Data that is used by NAS for link analysis is pre-processed in a proprietary structure called PreStar™ which allows the link analysis to be executed at a speed many times greater than working with the unprocessed data. Link analysis on large quantities of data (millions and billions of records) without pre-processing is not practical due to the very long processing time that would be required.
The pre-processing is executed by standard servers. The server uses the definitions created when using LSI Designer to determine what data should be processed and where the results should be stored. It can be operated manually by the system administrator or as a scheduled task. In addition, it can be operated automatically by the Data Fusioner such that immediately after the data has been pumped into the database, the appropriate PreStar server is automatically started to process the data. The main features include:
SN-Sphere™ uses a paging mechanism to allow the ETL, entity identification and pre-processing into PreStar form to take place simultaneously using multiple servers. This makes the processing scaleable for virtually almost any quantity of data.
Storage volume and compression
Storage volume is an important factor in the cost and maintenance of a data warehouse that stores tens of billions of records. LSI is normally stored in databases and data warehouses in ABD structured tables where:
A = ID of one entity such as a phone number initiating a call
B = ID of a linked entity such as a phone number receiving the call
D = Descriptive call attributes (date, time, etc.)

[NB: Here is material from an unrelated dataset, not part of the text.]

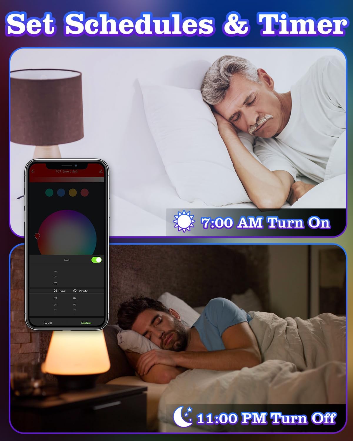 6 Pack E12 Smart Bulbs, Alexa Wifi Candelabra Smart Light Bulbs 5W 2700K-6500K Color Changing Dimmable Rgbcw, Music Timer Ceilin
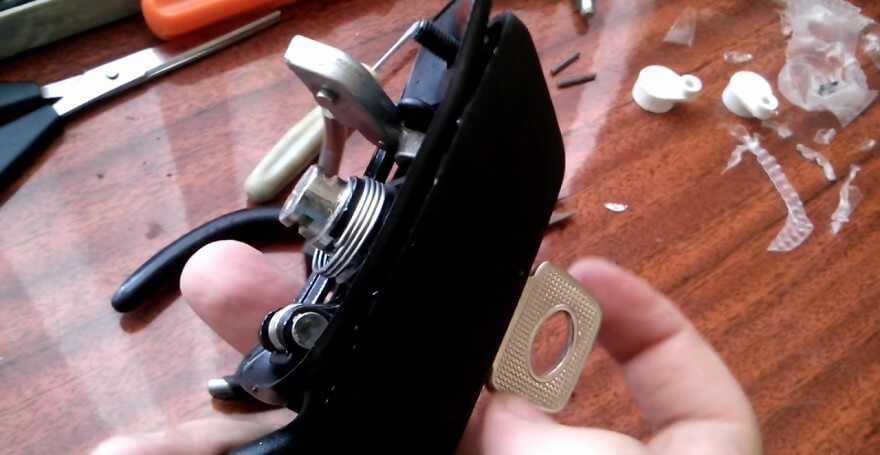 - Провести монтаж новой возвратной пружины. Обычно она не входит в стандартный комплект замены и покупается отдельно. При правильном монтаже ключ, находясь в скважине, должен свободно проворачиваться назад.

The storage of tens of billions of records in ABD structured tables can use terabytes of space. PreStar stores the pre-processed data in a format which is more efficient in storing the data. Once the data has been transformed to the PreStar tables, it can be deleted from the original ABD tables. If need be, at a later time it can be reverse engineered from the PreStar tables back into the ABD tables for use with other standard tools.
Much of the data in the PreStar tables is stored in blob (binary large object) fields. The data in those fields is compressed by PreStar. The compressed data requires about 1/3 of the storage volume required if the data was not compressed.